With the T-7, “the results were there” when it was chosen as the next advanced trainer. The project has reduced assembly hours 80 percent and software development “by half.” T-7 went “from computer screen to first flight in 36 months,” added Costello.

Agile software development goes hand in hand with the other digital methods, Costello noted.

Time savers of new programs will be “baked-in” airworthiness, safety, and cyber certifications, she said. This, too, will help change the “culture” of those who insist that extensive—and time consuming—real-world testing is the only way to go.

The Air Force seeks to save the real-world testing only for the things that most require it, she said.

The digital models also will serve as “ground truth” in programs, so that all stakeholders can see the same model, accelerating the time it takes to do design reviews.

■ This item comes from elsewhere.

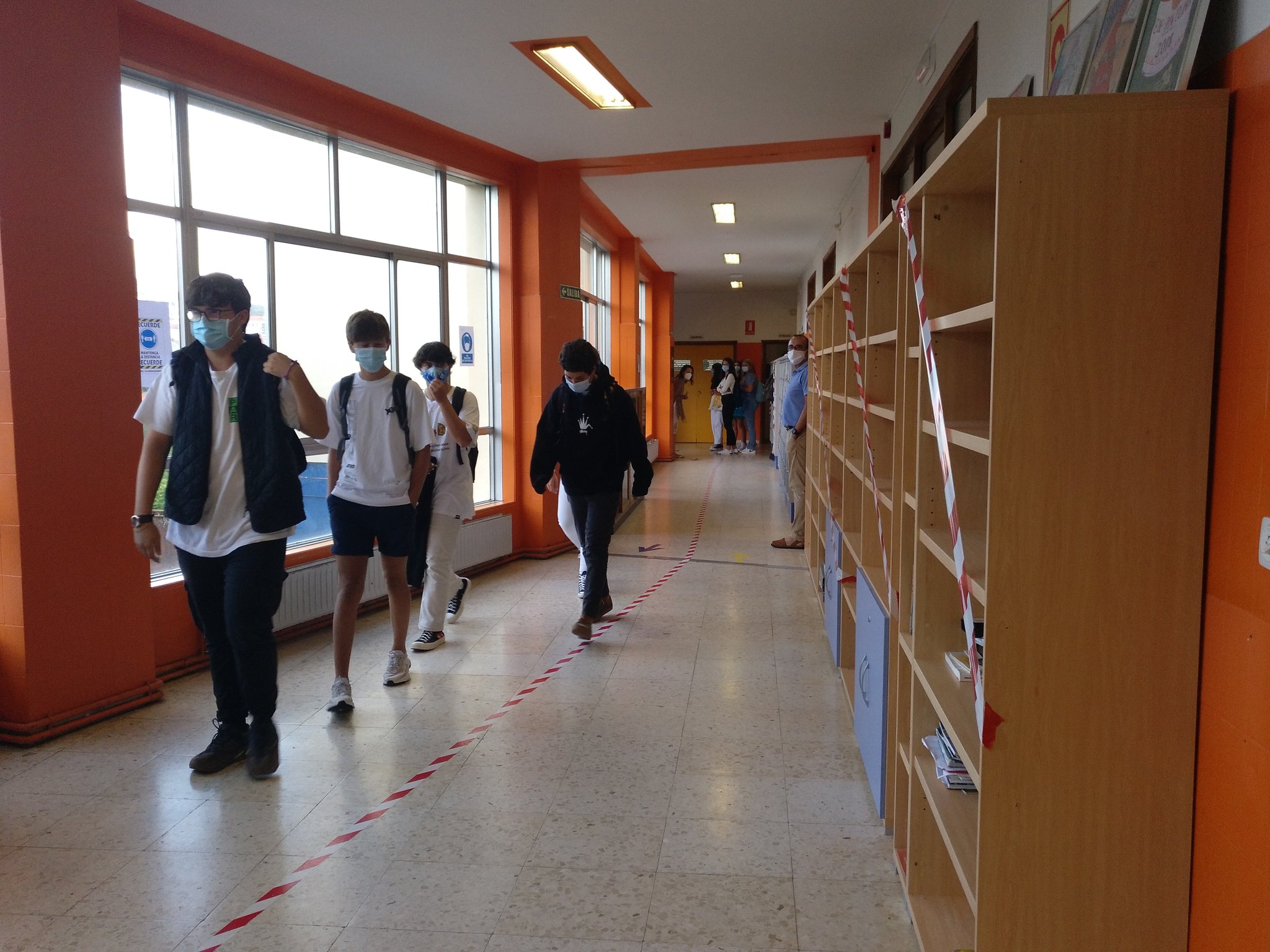 Seis meses después, las clases de Bachillerato del Colegio Apóstol de Vigo vuelven a acoger alumnos. En torno a 200 estudiantes de primero y segundo -25 por sección- han regresado este viernes a las aulas, adelantándose así al inicio estándar marcado por la Consellería de Educación. La semana pasada se acordó posponer el comienzo del curso, pero se daba libertad a los centros para adaptar ese inicio a sus criterios o necesidades.

The Ground-Based Strategic Deterrent went through “six billion iterations” of configuration trades before the optimum one was selected, Costello said, something never before possible. It is also on schedule, and that fact speaks volumes about the value of the new approach, she asserted.

While some programs—like T-7, GBSD, and NGAD—are performing at a high level, in the Air Force “writ large,” Costello said the progress on a scale of 1-10 is about a two to three.

“We’re at two. We’re just starting our journey. We have a couple programs that are there,” but for the service generally, “we are just … making our plans, getting tools in place, doing our training, teaching people. Maybe we’re a three.”

While the Air Force has “pockets of greatness,” it’s still “on a journey, moving up. We’ve got a ways to go,” Costello said.